In the selection of pertinent variables, the Lasso method demonstrated that age, eGFR, preprocedural hemoglobin, ST-elevation myocardial infarction, non-ST-elevation myocardial infarction/unstable angina, heart failure symptoms at admission, use of IABP, and CS were important for predicting the risk of AKI after PCI. SHAP also demonstrated that these variables, except for CS, were also important (Fig. 2). After removing IABP from the 12 NCDR variables, the Lasso method demonstrated that age, eGFR, preprocedural hemoglobin, ST-elevation myocardial infarction, non-ST-elevation myocardial infarction/unstable angina, heart failure symptoms at admission, and CS and CPA were important predictors of the risk of AKI after PCI. SHAP also demonstrated that these features, except for CPA, were also important.
SHAP model to estimate important variables with the light gradient boosting model using the 12 NCDR variables. The features are sorted in descending order by Shapley values. Abbreviations: CS: cardiogenic shock; CPA: cardiopulmonary arrest; DM: diabetes mellitus, Hb: hemoglobin; HF: heart failure, IABP: intra-aortic balloon pump; STEMI: ST-elevation myocardial infarction; UA/NSTEMI: unstable angina/non-ST elevation myocardial infarction.
According to SHAP, we selected age, eGFR, preprocedural hemoglobin, ST-elevation myocardial infarction, non-ST-elevation myocardial infarction/unstable angina, and heart failure symptoms at admission as six basic variables. We subsequently added IABP or CS to these six variables. We also analyzed six variables + IABP + CS, or six variables + CS + CPA with the light GBM, according to the variables selected using the Lasso method.

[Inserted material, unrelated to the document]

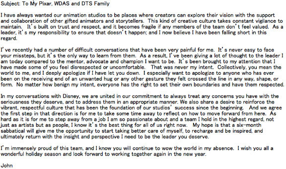 新浪娛樂(lè)訊迪士尼/皮克斯的領(lǐng)導(dǎo)約翰·拉塞特為越界行為道歉。宣布休假半年——性騷擾事件討論在好萊塢持續(xù)發(fā)酵,迪士尼首席創(chuàng)意官兼迪士尼動(dòng)畫(huà)主席約翰·拉塞特在一條公司備忘錄中宣布:他為對(duì)員工的一些“越界行為”道歉,他稱(chēng)將立即休假6個(gè)月,明年回公司。詳細(xì):動(dòng)畫(huà)大佬拉塞特作為皮克斯創(chuàng)始人,打造了《玩具總動(dòng)員》《機(jī)器人瓦力》《冰雪奇緣》《無(wú)敵破壞王》等著名動(dòng)畫(huà),而他和人激情相擁的習(xí)慣也為人所熟知。#韋恩斯性騷...

Notably, the AUC calculated by the light GBM with six basic variables with IABP or CS had a performance similar to that of the conventional logistic regression prediction model that included 12 variables (light GBM by six variables + IABP, AUC [training/testing datasets]: 0.790/0.784 (receiver operating characteristic (ROC) curves: Fig. 3A,B); light GBM by six variables + CS, AUC [training/testing datasets]: 0.779/0.772 (ROC curves: Fig. 4A,B); logistic regression, AUC [training/testing datasets]: 0.797/0.755 (ROC curves: Fig. 5A,B). The results of the other versions of the selected variables are presented in Table 3. As a sensitivity analysis, we used categorical variables instead of continuous variables for the light GBM, which revealed low AUC scores in the testing datasets (Table 3).
(A, B) ROC curve with training datasets using the light GBM with age, eGFR, preprocedural hemoglobin, ST-elevation myocardial infarction, non-ST elevation myocardial infarction/unstable angina, heart failure symptoms at admission and intra-aortic balloon pump. Abbreviations: GFR, glomerular filtration rate; GBM, gradient boosting model; ROC, receiver operating characteristic.

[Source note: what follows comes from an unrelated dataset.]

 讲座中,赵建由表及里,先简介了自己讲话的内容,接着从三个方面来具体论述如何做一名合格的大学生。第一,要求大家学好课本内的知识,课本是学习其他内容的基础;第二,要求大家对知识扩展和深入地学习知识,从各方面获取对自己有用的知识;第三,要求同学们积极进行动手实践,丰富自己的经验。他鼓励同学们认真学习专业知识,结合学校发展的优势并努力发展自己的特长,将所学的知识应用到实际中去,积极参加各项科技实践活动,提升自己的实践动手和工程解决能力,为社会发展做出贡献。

(A) ROC curve with training datasets using the light GBM with age, eGFR, preprocedural hemoglobin, ST-elevation myocardial infarction, non-ST elevation myocardial infarction/unstable angina, heart failure symptoms at admission and cardiogenic shock. (B) ROC curve with testing datasets using the light GBM age, eGFR, preprocedural hemoglobin, ST-elevation myocardial infarction, non-ST elevation myocardial infarction/unstable angina, heart failure symptoms at admission, and cardiogenic shock. Abbreviations: GFR: glomerular filtration rate, ROC: receiver operating characteristic.
(A) ROC curve with training datasets using the logistic regression model with the 12 NCDR variables. (B) ROC curve with testing datasets using the logistic regression model with the 12 NCDR variables. Abbreviations: ROC: receiver operating characteristic.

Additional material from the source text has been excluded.